San Francisco, Calif., Oct 5, 2006 / 22:00 pm
Several pro-family legal centers are celebrating a ruling yesterday by the California Court of Appeals, which reversed a lower court’s 2005 decision redefining marriage to include same-sex couples.
The appeals court justices ruled that California's ban on gay marriage does not violate the constitutional rights of gays and lesbians nor is it discriminatory because the state's domestic partner law gives registered same-sex couples the same rights as married spouses in California.
The court also decided that it is not within its jurisdiction to create or to recognize new rights. The court agreed with the state's attorney general that it is up to the Legislature, and not the courts, to change the traditional definition of marriage.
“The respondents in these appeals are asking this court to recognize a new right,” the 128-page court opinion reads. “Courts simply do not have the authority to create new rights, especially when doing so involves changing the definition of so fundamental an institution as marriage.... Judges are not free to rewrite statutes to say what they would like, or what they believe to be better social policy.”
"The time may come when California chooses to expand the definition of marriage to encompass same-sex unions. That change must come from democratic processes, however, not by judicial fiat," the opinion reads.
“The court today recognized that political special interests shouldn’t trump what’s in the best interest of families and children,” said Glen Lavy, senior counsel for the Alliance Defense Fund. The organization, along with Liberty Counsel and attorneys Matt Staver and Robert Tyler, has been working to defend marriage in courts throughout the country.
“Who’s more important: our children or special interest groups?
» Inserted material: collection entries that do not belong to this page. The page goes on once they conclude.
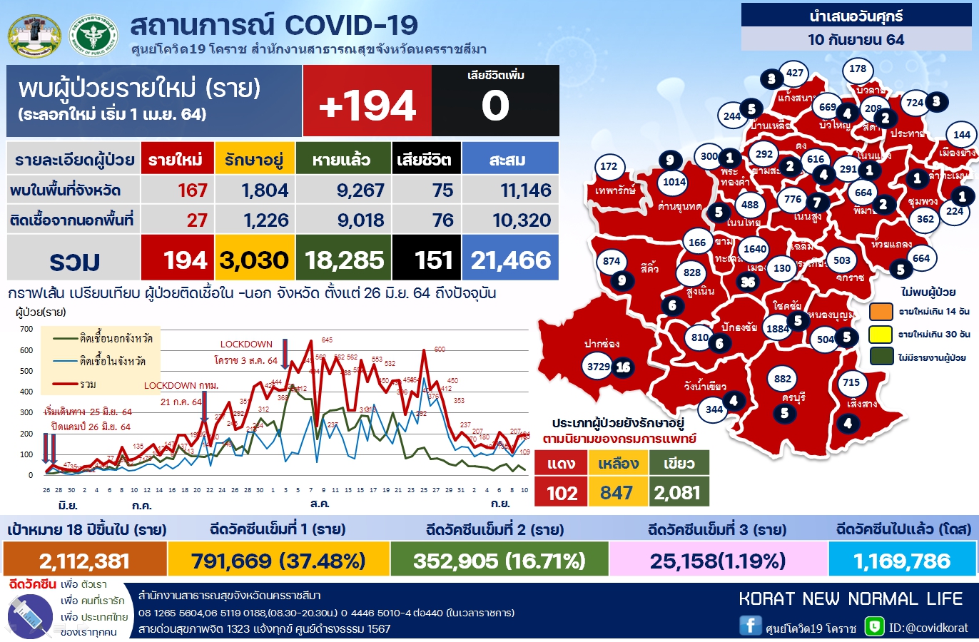 วันนี้( 10 ก.ย. 2564) ที่ห้องประชุมสำนักงานการท่องเที่ยวและกีฬาจังหวัดนครราชสีมา นายศักดิ์สิทธิ์ สกุลลิขเรศสีมา รอง ผวจ.นครราชสีมา พร้อมด้วยนายแพทย์วิญญู จันทร์เนตร รองนายแพทย์สาธารณสุขจังหวัดนครราชสีมา , นพ.เจษฏ์ บุญยวงศ์วิโรจน์ ผู้ช่วย ผอ.รพ.มหาราชฯ ร่วมการประชุมคณะกรรมโรคติดต่อ จ.นครราชสีมา ผ่านระบบ zoom ไปยังอำเภอทั้ง 32 อำเภอ พร้อมแถลงถึงสถานการณ์การแพร่ระบาดของเชื้อไวรัสโควิด-19ในพื้นที่จังหวัดนครราชสีมา ล่าสุดพบผู้ติดเชื้อรายใหม่ลดลงอย่างต่อเนื่อง 194 ราย วันนี้ไม่มีผู้ป่วยโควิดเสียชีวิต ผู้เสียชีวิตสะสม 151 ศพ ส่วนพื้นที่จังหวัดนครราชสีมามีผู้ป่วยสะสม 21,466 ราย ยังรักษาอยู่ 3,030 ราย รักษาหายแล้ว 18,285 ราย ติดเชื้อนอกพื้นที่จังหวัด 167 ราย ส่วนการติดเชื้อในจังหวัด 27 ราย ผู้ป่วยโควิด-19 รายใหม่ พบในพื้นที่อำเภอต่างๆลดลงอย่างต่อเนื่อง อ.เมือง 51 ราย , อ.ปากช่อง 33 ราย , อ.พิมาย 28 ราย , อ.สูงเนิน 13 ราย , อ.ครบุรี 8 ราย , อ.โชคชัย 8 ราย , อ.เสิงสาง 7 ราย , อ.ชุมพวง 6 ราย , อ.ด่านขุนทด 5 ราย , อ.บัวลาย 5 ราย , อ.ปักธงชัย 5 ราย เป็นต้น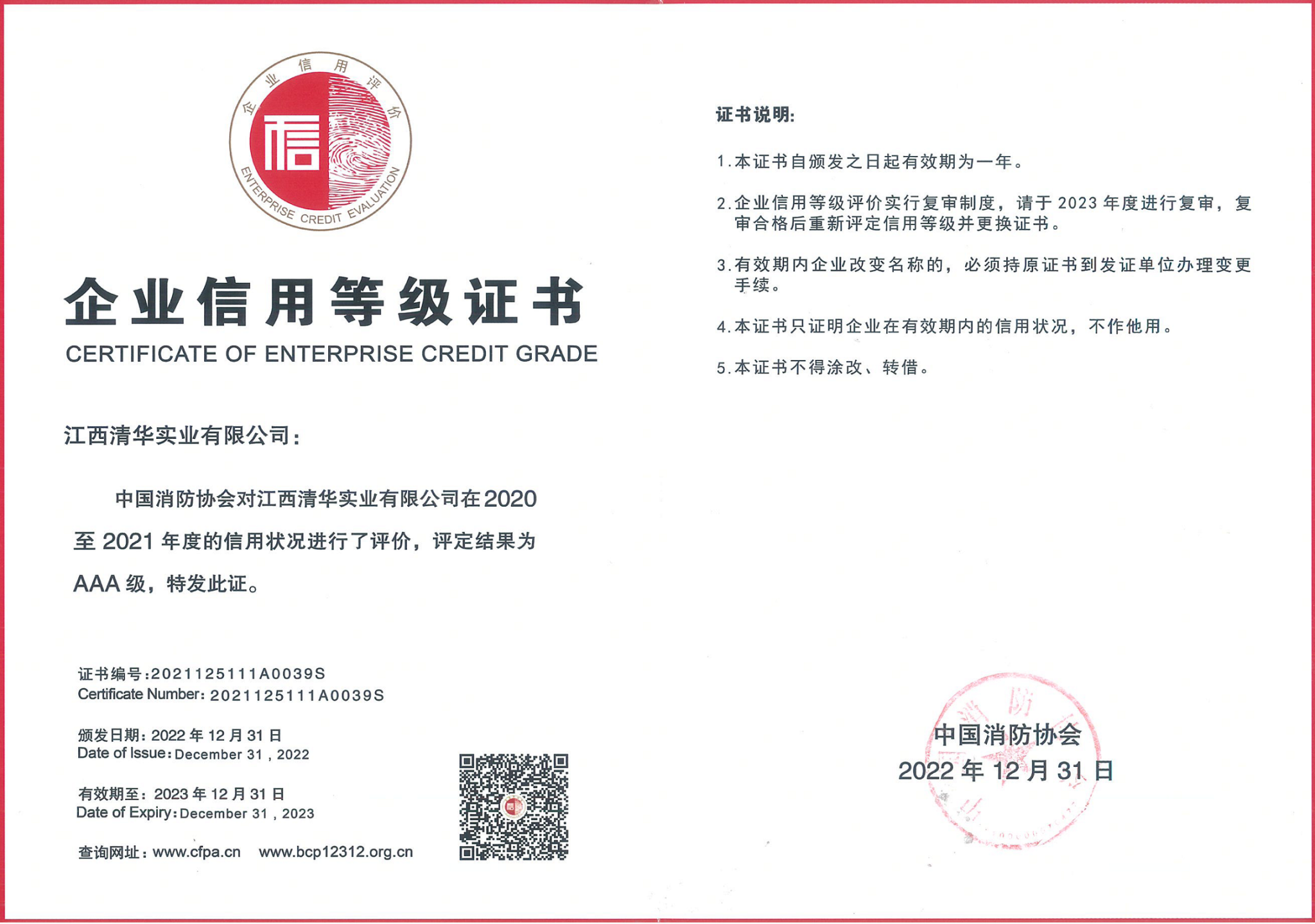 近日,江西清华实业有限公司喜获新荣誉,收到了中国消防协会颁发的AAA级企业信用等级证书。
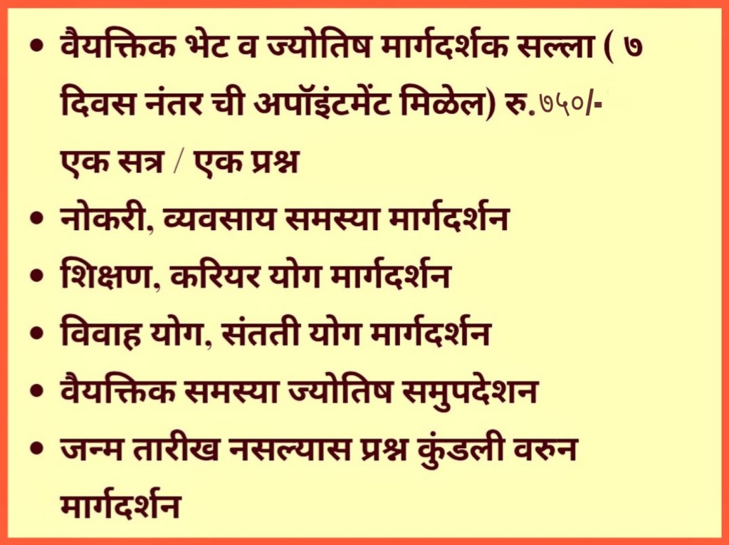 ज्योतिषमित्र सेवा ( Our Services ) ← BackThank you for your response. ✨ नाव व मोबाईल नं.(required) ई मेल(required) जन्म तारीख, जन्म वेळ, जन्म स्थान व आपला प्रश्न Contact UsSubmitting form Δ Share this: Share on X (Opens in new window) X Share on Facebook (Opens in new window) Facebook More Email a link to a friend (Opens in new window) Email Like Loading...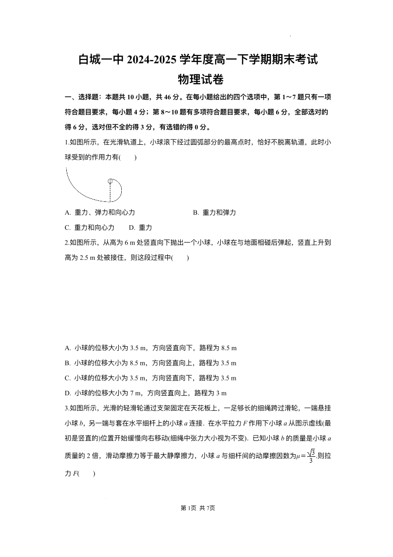 白城一中2024-2025学年度高一下学期期末考试 物理(含答案).pdf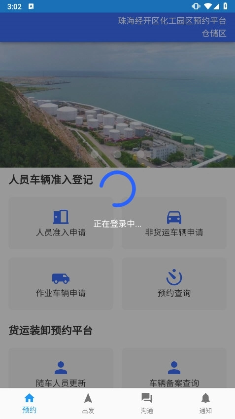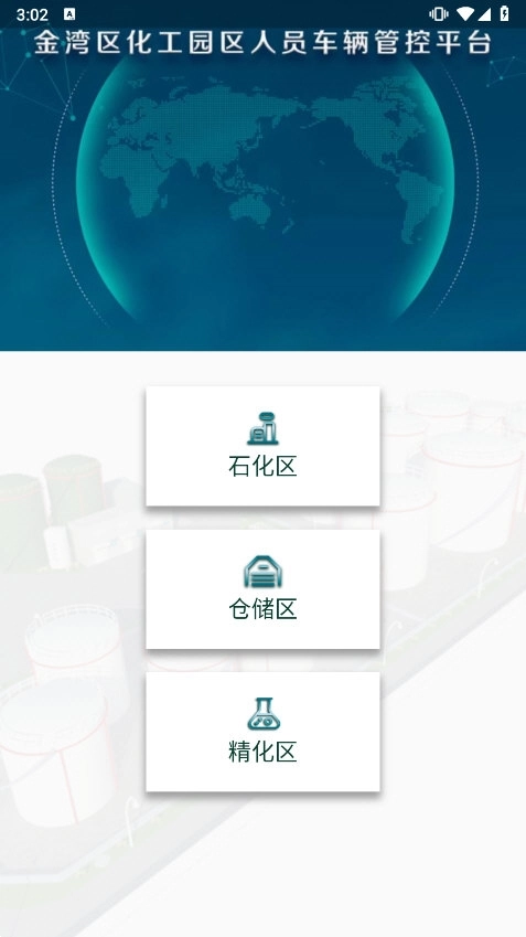登录后,用户需要选择所在的园区(如石化区、仓储区、精化区等)。

This court rightly put people before politics,” Lavy said.
"The entire legal team always saw this as an issue about the democratic process,” reads a Pro-Family Law Center statement. “California, nor any other state, should be controlled by radical activists, such as Mayor [Gavin] Newsom [of San Francisco], who happen to be in political positions of power.
“The people ought to be able to decide what is right and wrong for society when it comes to the fundamental institutions of family and marriage,” the statement concludes.